## [PROBLEM TO SOLVE]
Repeat every line of the data exactly; the pictures stay out.

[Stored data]
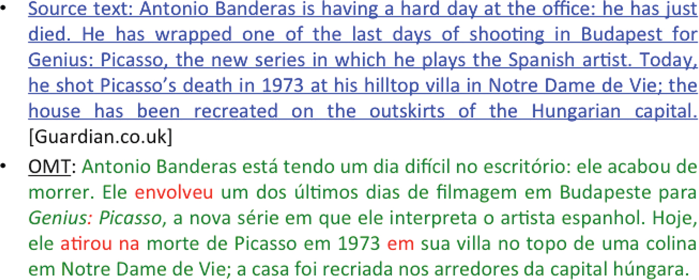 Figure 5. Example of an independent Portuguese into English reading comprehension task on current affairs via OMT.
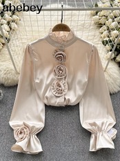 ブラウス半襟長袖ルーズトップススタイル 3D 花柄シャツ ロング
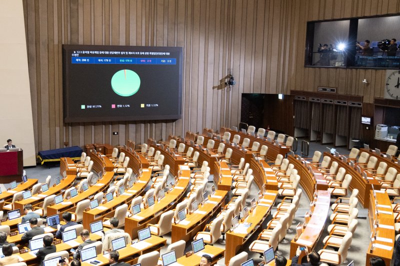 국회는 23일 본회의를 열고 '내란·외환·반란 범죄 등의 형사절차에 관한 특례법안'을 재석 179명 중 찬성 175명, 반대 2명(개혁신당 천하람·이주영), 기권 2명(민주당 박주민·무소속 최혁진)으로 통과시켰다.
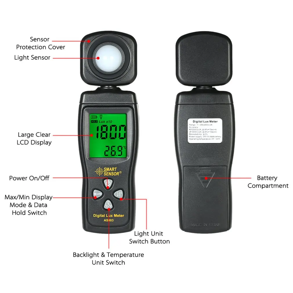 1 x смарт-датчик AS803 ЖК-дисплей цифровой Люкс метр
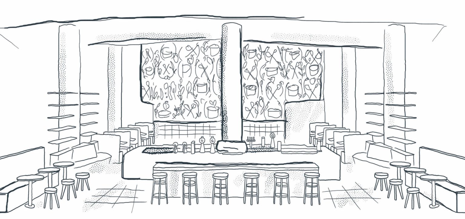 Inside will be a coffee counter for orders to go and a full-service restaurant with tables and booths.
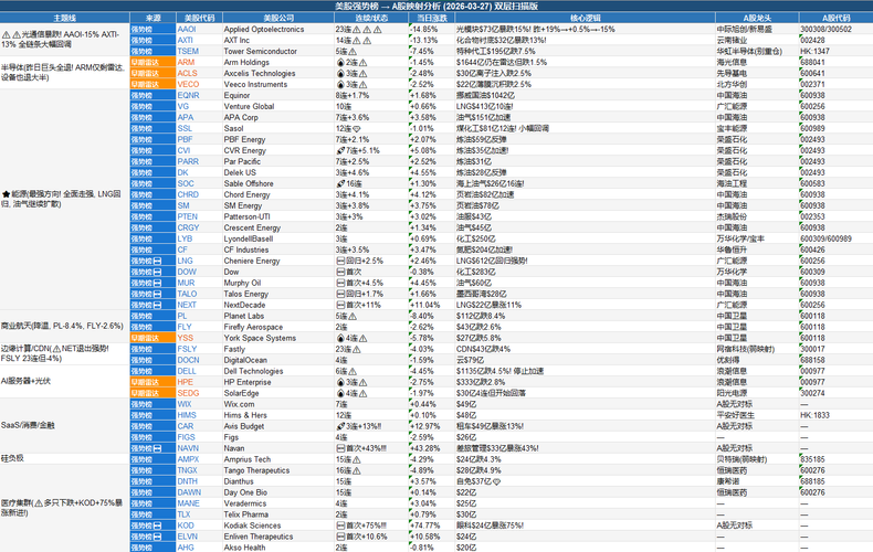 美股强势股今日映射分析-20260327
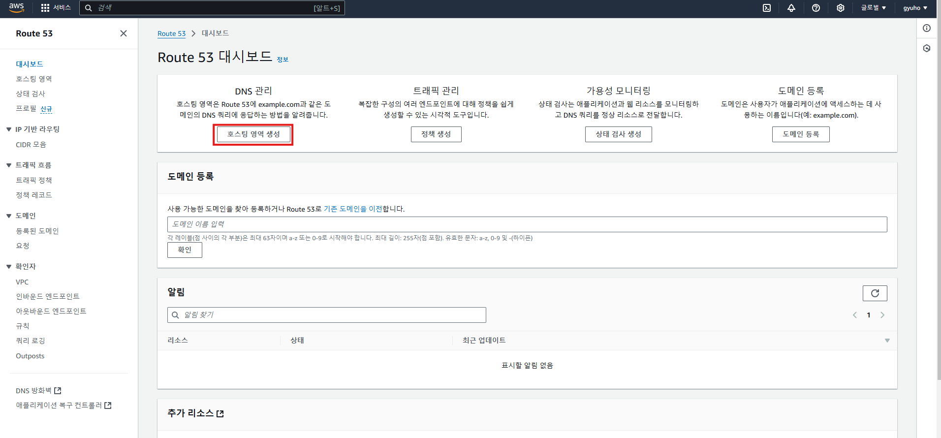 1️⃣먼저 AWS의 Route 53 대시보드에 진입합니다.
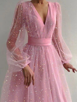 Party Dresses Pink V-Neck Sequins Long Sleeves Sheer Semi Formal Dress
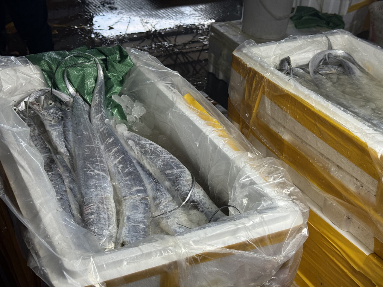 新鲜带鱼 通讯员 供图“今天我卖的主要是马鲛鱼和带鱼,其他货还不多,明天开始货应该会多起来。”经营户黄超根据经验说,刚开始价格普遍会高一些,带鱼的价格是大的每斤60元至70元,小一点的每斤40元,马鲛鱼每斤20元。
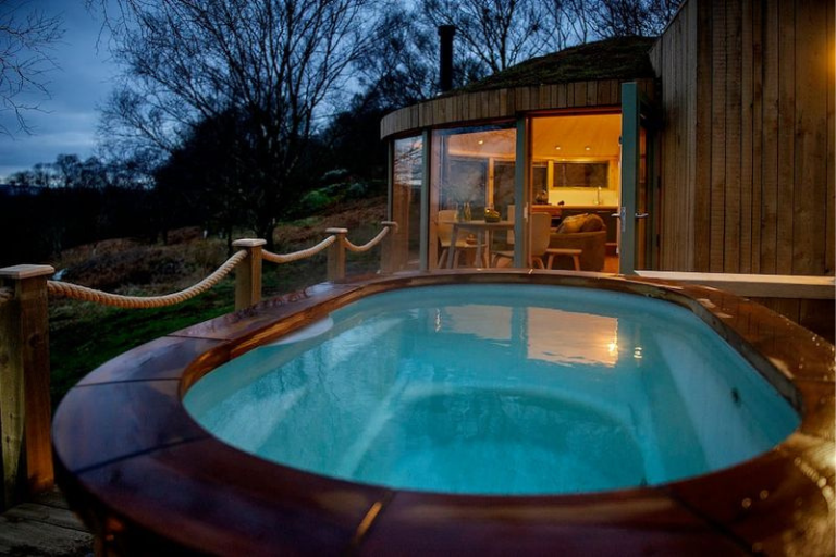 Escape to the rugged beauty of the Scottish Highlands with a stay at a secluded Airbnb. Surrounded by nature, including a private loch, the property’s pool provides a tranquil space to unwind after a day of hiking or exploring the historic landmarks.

## [EXERCISE SOLUTION]
 Figure 5. Example of an independent Portuguese into English reading comprehension task on current affairs via OMT.
 ブラウス半襟長袖ルーズトップススタイル 3D 花柄シャツ ロング
 국회는 23일 본회의를 열고 '내란·외환·반란 범죄 등의 형사절차에 관한 특례법안'을 재석 179명 중 찬성 175명, 반대 2명(개혁신당 천하람·이주영), 기권 2명(민주당 박주민·무소속 최혁진)으로 통과시켰다.
 1 x смарт-датчик AS803 ЖК-дисплей цифровой Люкс метр
 Inside will be a coffee counter for orders to go and a full-service restaurant with tables and booths.
 美股强势股今日映射分析-20260327
 1️⃣먼저 AWS의 Route 53 대시보드에 진입합니다.
 Party Dresses Pink V-Neck Sequins Long Sleeves Sheer Semi Formal Dress
 新鲜带鱼 通讯员 供图“今天我卖的主要是马鲛鱼和带鱼,其他货还不多,明天开始货应该会多起来。”经营户黄超根据经验说,刚开始价格普遍会高一些,带鱼的价格是大的每斤60元至70元,小一点的每斤40元,马鲛鱼每斤20元。
 Escape to the rugged beauty of the Scottish Highlands with a stay at a secluded Airbnb. Surrounded by nature, including a private loch, the property’s pool provides a tranquil space to unwind after a day of hiking or exploring the historic landmarks.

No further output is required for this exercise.